Treatment activity and progression-free survival
Although overall survival was similar between the two strategies, clear differences emerged in tumor response and disease control, which consistently favored panitumumab over regorafenib.
When used as the first treatment, panitumumab demonstrated higher activity:
- Objective response rate: 16% with panitumumab vs 2% with regorafenib (P = 0.003)
- Disease control rate: 61% vs 36% (P < 0.001)
- Median PFS: 4.2 vs 2.4 months
A similar pattern was observed after disease progression when the treatments were crossed over. Patients receiving panitumumab as second treatment achieved:
- ORR: 18% vs 0% with regorafenib (P = 0.013)
- DCR: 62% vs 38% (P = 0.003)
- Median second PFS: 3.9 vs 2.7 months (P = 0.019)

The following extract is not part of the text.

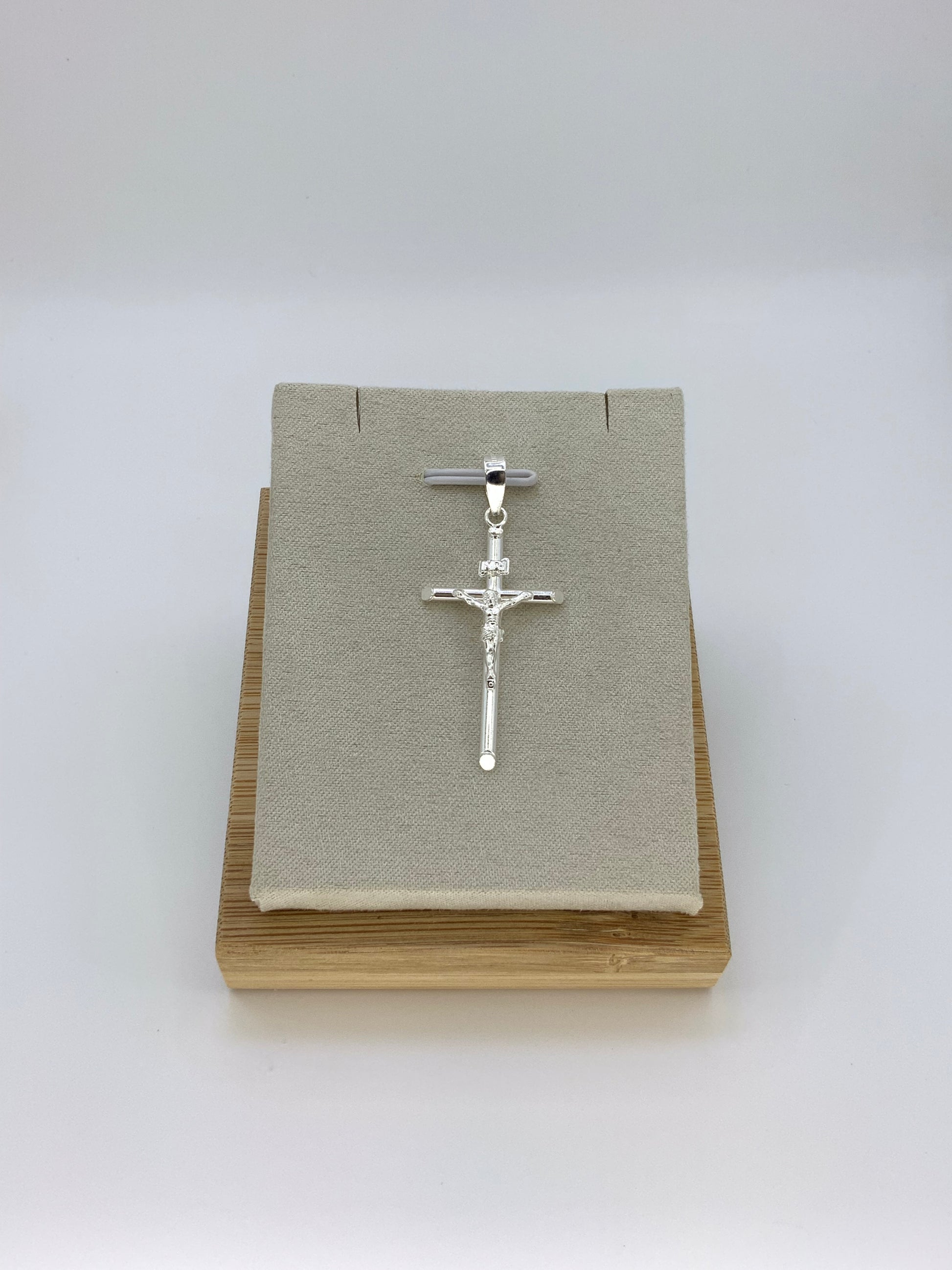 Elevate your style with our stunning Crucifix Pendant. Made from Sterling Silver 925, this 1.8' pendant features a beautiful cross design, symbolizing faith and protection. Perfect for everyday wear or special occasions. Show your devotion with this timeless piece.

These results indicate that anti-EGFR re-treatment provides greater tumor activity than regorafenib, regardless of treatment sequence.

Molecular hyperselection
Exploratory analyses investigated whether additional genomic alterations detected in ctDNA might influence response to anti-EGFR re-treatment. Among 212 randomized patients with complete coverage of relevant genes, 19 patients (9.0%) had at least one alteration potentially associated with anti-EGFR resistance, including alterations in AKT1, MAP2K1, EGFR, ERBB2, non-BRAF-V600E class I or II, and PIK3CA exon 20.
In this gene-altered ctDNA subgroup, there was no clear efficacy difference between panitumumab and regorafenib. By contrast, the benefit of panitumumab over regorafenib was more evident in the ctDNA-negative hyperselected population. Likewise, in the subgroup with known MMR-proficient/microsatellite-stable and HER2-negative tumors, efficacy results were consistent with those seen in the intention-to-treat population.
Safety
Safety findings also distinguished the two agents. Grade 3–4 events of any cause occurred in 43.0% of patients in arm A and 51.0% in arm B. Panitumumab was more often associated with grade ≥3 acneiform rash than regorafenib, both as first treatment (19.2% vs 2.9%, P < 0.001) and as second treatment (13.7% vs 0%, P = 0.002).
In contrast, regorafenib was associated with more grade ≥3 hypertension (13.7% vs 1.0% as first treatment; 10% vs 0% as second treatment), fatigue (9.8% vs 2.9% as first treatment), and hand–foot skin reaction (5.9% vs 0% as first treatment). Most patients started regorafenib at reduced doses, and only about a quarter escalated to the full 160 mg/day dose.
Conclusion
The PARERE study did not identify a superior treatment sequence in terms of overall survival, but it did provide strong randomized evidence that panitumumab re-treatment is more active than regorafenib in chemorefractory RAS/BRAF ctDNA wild-type mCRC. Across both treatment lines, panitumumab consistently achieved higher response rates, higher disease control rates, and longer progression-free survival, with a generally manageable safety profile.
Just as importantly, PARERE highlights the clinical value of liquid biopsy-guided selection, showing that 38% of screened patients carried ctDNA resistance mutations and would likely not have benefited from anti-EGFR re-treatment. The exploratory findings further suggest that deeper molecular hyperselection may refine patient selection even more, and that patients with an anti-EGFR-free interval of 6 months or less may be less suitable candidates for this approach.
Overall, PARERE supports anti-EGFR re-treatment as a meaningful option in the continuum of care for chemorefractory mCRC, particularly when tumor shrinkage is needed and ctDNA confirms the absence of acquired resistance alterations.